Species of flowering plants

Cistus inflatus is a shrubby species of flowering plant in the family Cistaceae, often known as Cistus psilosepalus, although this name is a synonym of the hybrid Cistus × laxus. It has white flowers.

==Description==
Cistus inflatus is a slightly spreading shrub, up to 1 m tall. It leaves are green, oblong in shape, usually 2–6 cm long by 5–20 mm wide, with turned under (revolute) margins, variably hairy, with long simple and stellate hairs on both sides. The leaves are unstalked (sessile) and, at least near the base, have three veins. The flowers are arranged in cymes with one to five individual flowers, each 4–6 cm across with five white petals with narrowed yellow bases, and five sepals. The style is very short.

==Taxonomy==
Cistus inflatus has a somewhat confused nomenclatural history. In 1786, Jean-Baptiste Lamarck described this species under the name Cistus hirsutus, but it was an illegitimate name since he had earlier used it for a different species. In 1826, Robert Sweet published the name Cistus psilosepalus, which was then applied to this species by many authors. In 1997, Jean-Pierre Demoly identified Sweet's type as C. × laxus Aiton, a hybrid between this species and C. populifolius. As the name Cistus laxus was published by Aiton in 1789, it has priority over the name Cistus psilosepalus, which becomes a synonym. Demoly revived a name used (but not published) by Pierre André Pourret, namely C. inflatus.

In summary, in Demoly's analysis:
- Cistus psilosepalus Sweet is a synonym of Cistus × laxus Aiton
- Cistus psilosepalus auct., non Sweet has incorrectly been used for what is now Cistus inflatus Pourr. ex J.-P.Demoly

Sweet called his C. psilosepalus "the smooth sepaled rock-rose" (the meaning of the epithet), describing it as "differing from all others ... by its smooth glossy sepals", whereas later sources (including Flora Europaea) described C. psilosepalus as having hairy sepals. In C. × laxus the backs of the outer sepals are hairless (glabrous); in C. inflatus they are hairy.
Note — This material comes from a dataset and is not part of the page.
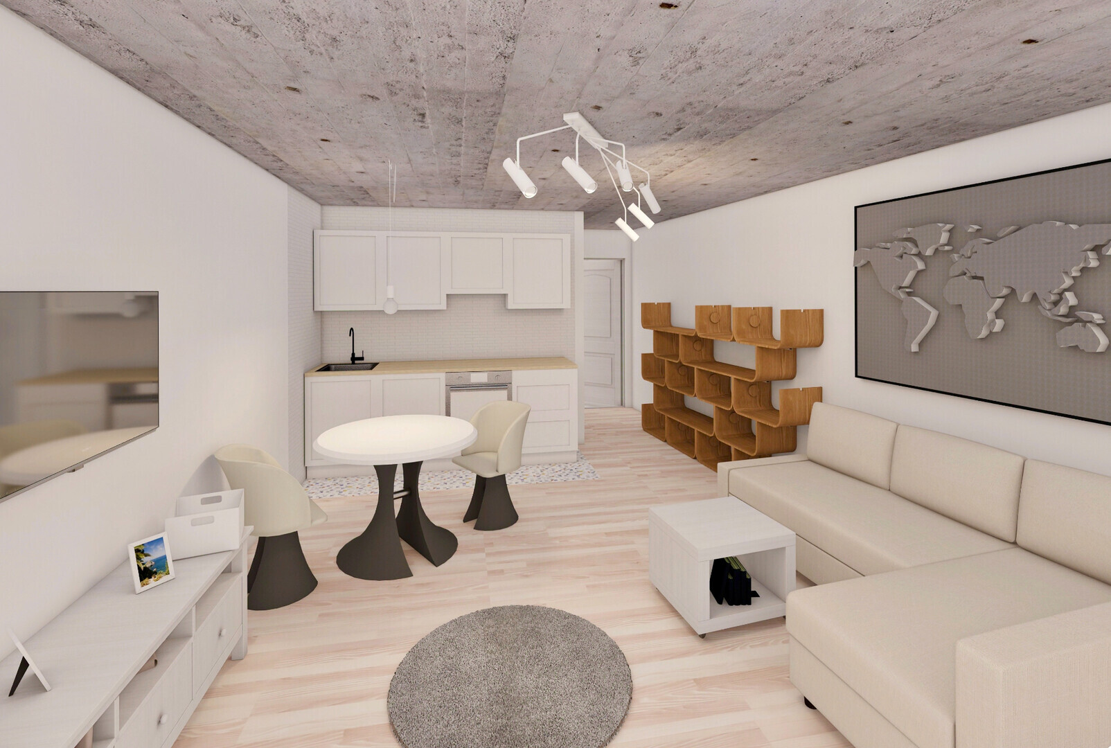 • Mennyezet: látszó beton, lakkozott felület

A 2011 molecular phylogenetic study placed C. inflatus in the white and whitish pink clade of Cistus species. No particularly close relationship to any other species in the clade was identified.

==Phylogeny==
Cistus inflatus belongs to the white and whitish pink flowered clade of Cistus species.

==Distribution==
Cistus inflatus (generally recorded as C. psilosepalus) is native to Portugal, western Spain, and two small regions of north-west France.